PROBLEM TO WORK ON => Once "Black Solid Color" turns up in a line below, reproduce that line and those after it exactly, stopping after the line with "Si os gustan"; leave pictures out.

---- RECORDS FOR THE TASK

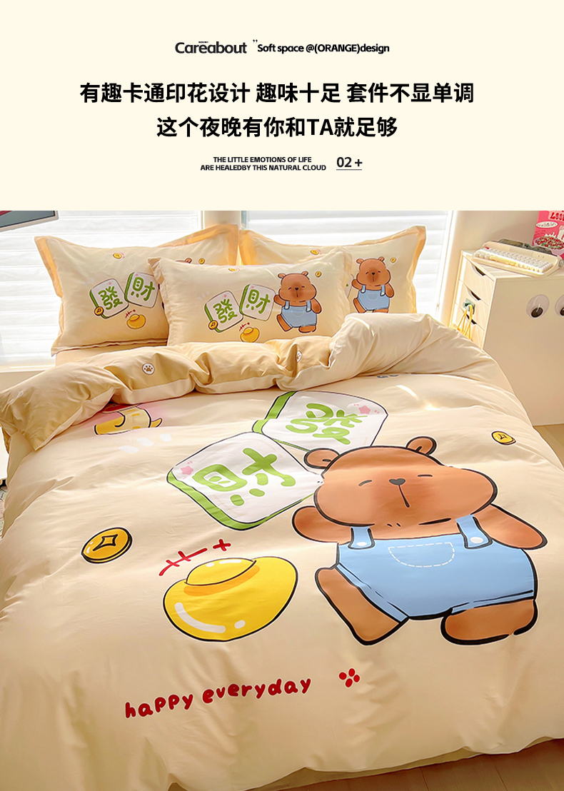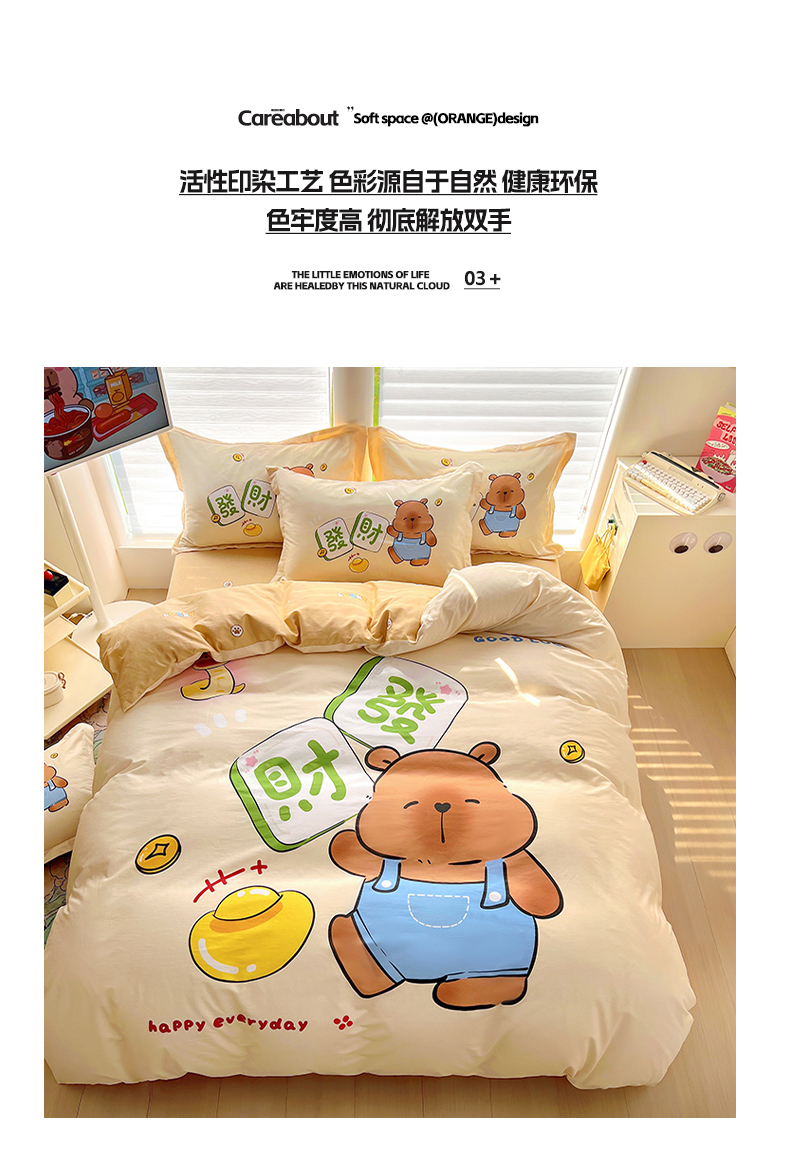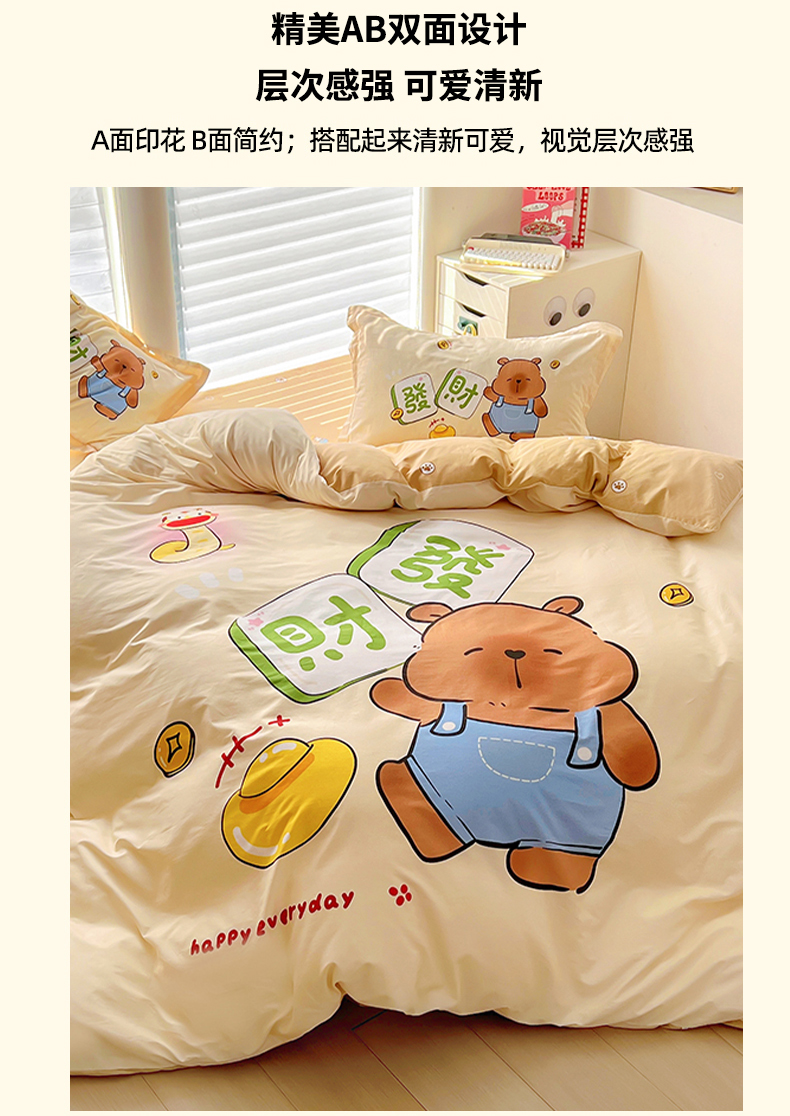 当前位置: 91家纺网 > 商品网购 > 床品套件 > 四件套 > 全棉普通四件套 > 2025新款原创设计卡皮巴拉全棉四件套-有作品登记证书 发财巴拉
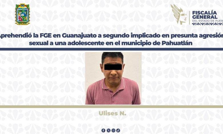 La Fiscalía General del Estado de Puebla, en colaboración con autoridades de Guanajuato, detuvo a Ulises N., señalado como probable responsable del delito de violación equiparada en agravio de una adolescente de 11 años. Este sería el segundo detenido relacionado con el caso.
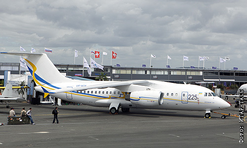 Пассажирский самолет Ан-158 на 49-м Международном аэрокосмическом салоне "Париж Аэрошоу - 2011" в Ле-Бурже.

--------
---- RECORDS FOR THE TASK

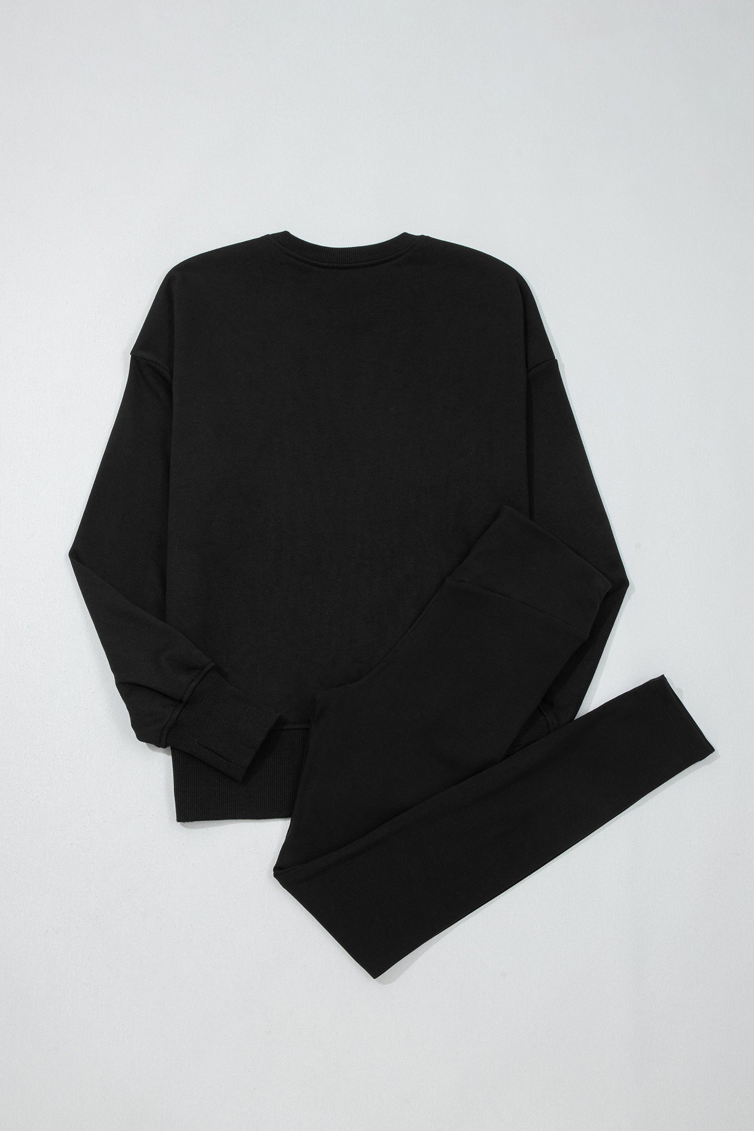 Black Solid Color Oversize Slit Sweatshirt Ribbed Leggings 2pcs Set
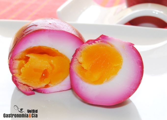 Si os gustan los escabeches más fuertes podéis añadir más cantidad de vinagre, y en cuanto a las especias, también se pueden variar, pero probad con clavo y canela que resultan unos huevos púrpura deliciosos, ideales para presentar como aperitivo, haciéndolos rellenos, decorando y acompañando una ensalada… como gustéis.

--------
---- RECORDS FOR THE TASK

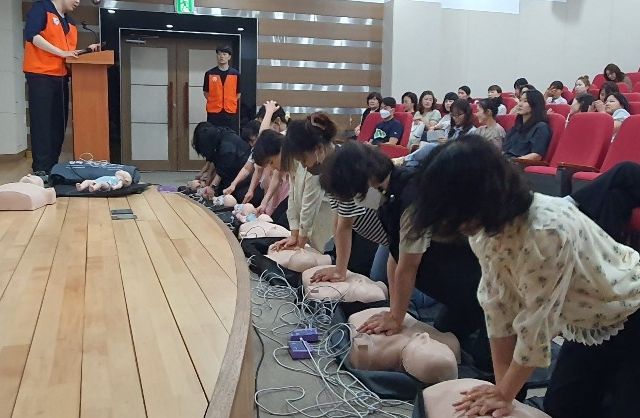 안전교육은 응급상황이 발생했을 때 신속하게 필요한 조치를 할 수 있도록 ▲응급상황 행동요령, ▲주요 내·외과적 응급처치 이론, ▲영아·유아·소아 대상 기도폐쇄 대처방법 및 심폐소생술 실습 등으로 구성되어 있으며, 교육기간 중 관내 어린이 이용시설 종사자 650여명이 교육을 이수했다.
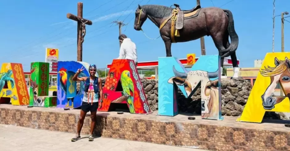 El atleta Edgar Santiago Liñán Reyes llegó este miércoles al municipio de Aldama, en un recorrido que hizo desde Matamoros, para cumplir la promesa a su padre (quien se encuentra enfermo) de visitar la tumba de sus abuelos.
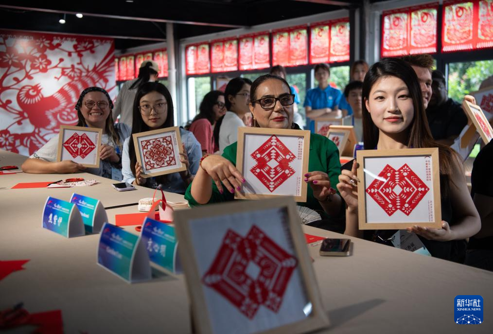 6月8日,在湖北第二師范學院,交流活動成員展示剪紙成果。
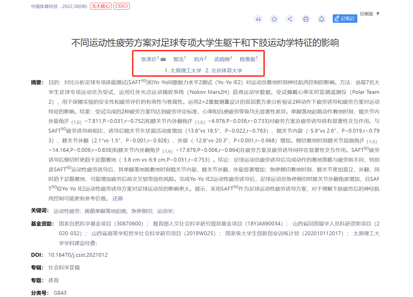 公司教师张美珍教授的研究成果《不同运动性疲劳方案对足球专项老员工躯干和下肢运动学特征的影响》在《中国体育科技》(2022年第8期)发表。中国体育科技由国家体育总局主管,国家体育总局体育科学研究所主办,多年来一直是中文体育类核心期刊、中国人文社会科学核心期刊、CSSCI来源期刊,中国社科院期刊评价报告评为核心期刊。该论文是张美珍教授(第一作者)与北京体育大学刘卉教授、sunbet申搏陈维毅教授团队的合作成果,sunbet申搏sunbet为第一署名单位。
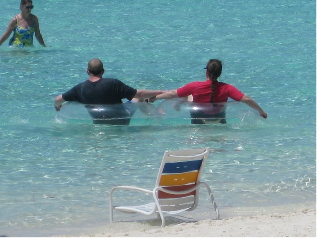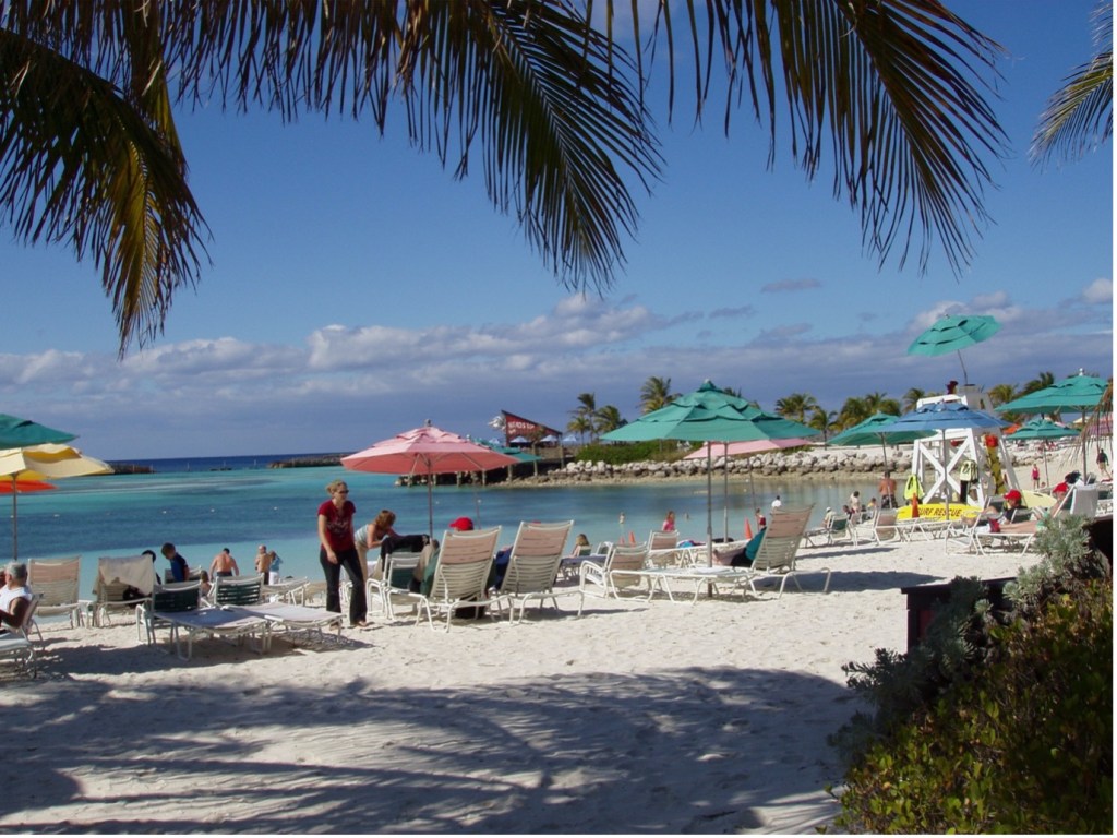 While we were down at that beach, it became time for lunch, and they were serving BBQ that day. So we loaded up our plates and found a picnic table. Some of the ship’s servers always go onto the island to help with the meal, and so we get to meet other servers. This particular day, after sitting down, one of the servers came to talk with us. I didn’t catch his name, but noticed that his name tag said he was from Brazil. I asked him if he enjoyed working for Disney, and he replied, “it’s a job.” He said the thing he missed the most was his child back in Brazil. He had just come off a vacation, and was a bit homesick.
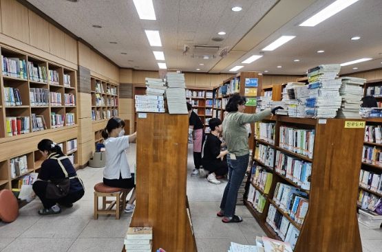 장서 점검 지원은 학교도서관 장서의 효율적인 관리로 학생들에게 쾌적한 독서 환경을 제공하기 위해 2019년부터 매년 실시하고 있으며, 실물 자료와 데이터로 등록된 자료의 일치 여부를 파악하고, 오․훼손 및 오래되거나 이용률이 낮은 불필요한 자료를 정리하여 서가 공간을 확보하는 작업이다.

--------

RESULT BELOW =>
 Black Solid Color Oversize Slit Sweatshirt Ribbed Leggings 2pcs Set
 Si os gustan los escabeches más fuertes podéis añadir más cantidad de vinagre, y en cuanto a las especias, también se pueden variar, pero probad con clavo y canela que resultan unos huevos púrpura deliciosos, ideales para presentar como aperitivo, haciéndolos rellenos, decorando y acompañando una ensalada… como gustéis.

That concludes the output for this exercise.